A pricey pleasure for readers of southern fiction: 19 stories from
the Fellowship of Southern Writers showcasing a variety of talents
and styles that rarely fail to engage the reader's appetite for
rich tales well-told. The expected concerns are all on display
here: race relations, regional history, death, and that sturdy
southern interest, women's lot (five of the contributors are
female). Shelby Foote, a peerless historian of the Civil War,
provides a wonderful 18th-century tale, "The Sacred Mound," about
Native American struggle and spirituality. In "Tombstone," Lewis
Nordon sketches a transplanted southerner's curious obsession with
a native tombstone. Jill McCorkle's "Life Prerecorded" delivers a
splendid, journal-style account of a woman's pregnancy and
subsequent motherhood. And in one of the strongest selections,
Allan Gurganus offers a pair of letters informing a mother of her
son's death in the Civil War - one by the son himself. Throughout,
there is very little distracting irony, and authorial mannerisms
are rarely intrusive; if it is too much to say these are earnest
stories, they are for sure earnestly written, with a refreshing
purposefulness about them. Even as Madison Smartt Bell starts the
collection off in familiar territory - a man awakens hung over in
his seedy apartment to shoot at a bedside rat - such moments, in
their fluent, easy telling, hardly seem gimmicky..A strong
collection from a gathering of accomplished writers who have more
than their style to show.. (Kirkus Reviews)

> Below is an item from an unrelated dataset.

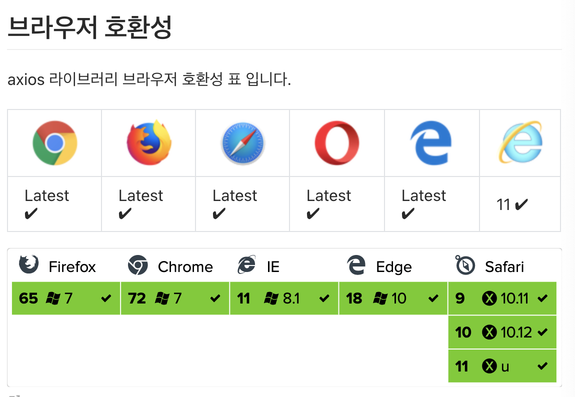 - 현재(21.4.30) axios 러닝 가이드와 axios 깃허브의 브라우저 호환성이 약간 차이가 있는듯 하다.

To drink deep of the direction and sensibility of contemporary
southern fiction, savor each dram in this delectable volume.
Nineteen of the South's most venerable writers -- Madison Smartt
Bell, Doris Betts, Fred Chappell, Ellen Douglas, Shelby Foote,
George Garrett, Allan Gurganus, Barry Hannah, William Hoffman,
Madison Jones, Michael Knight, William Henry Lewis, Jill McCorkle,
Lewis Nordan, Louis D. Rubin, Jr., Lee Smith, Elizabeth Spencer,
Walter Sullivan, and Allen Wier -- have selected a short work for
inclusion here. All of the contributors are affiliated with the the
Fellowship of Southern Writers, organized in 1989 under the
inspiration of the late Cleanth Brooks for the purpose of
encouraging and honoring excellence in southern letters.
Each piece in The Cry of an Occasion celebrates the distinctness
of southern experience, giving expression in story form to a
singular episode of mind, heart, or will. Varying from whimsical to
ominous to sidesplitting to melancholy, the stories share a regard
for the people who brush against us and in so doing shape us --
generations of family especially, neighbors, as well as those
occasional individuals who can mysteriously yet profoundly affect
our lives.
On a freezing December night, a woman returning home from a
first date with a man finds herself locked out of her apartment;
the pains he takes to help her surprises them both. A teenage girl
suffers the day of her grandmother's funeral attempting to be
adult, furious with the pessimism of her mother and wounded by the
absence of her father since she was three. A slave fleeing
Mississippi in 1862 draws on the wisdom of breaking horses passed
down from his grandfather to win assistancein his flight for
freedom. Fourteen years after his teenage son's death, a man
realizes his mourning is incomplete despite therapy, relocation,
and the outward signs of contentment. A pregnant woman has vivid
dreams -- of giving birth to a kitten, of forgetting her baby on
the hood of her car, and of concealing a joint in her bra -- as she
watches Boston's changing seasons and struggles with her torturous
enjoyment of smoking.
"Now where will it all end?" asks one character. "All this pain
and loving, mystery and loss. And it just goes on and on". The
occasion and expression of southern fiction are in hale and hardy
form, and reading this exemplary collection is pure pleasure.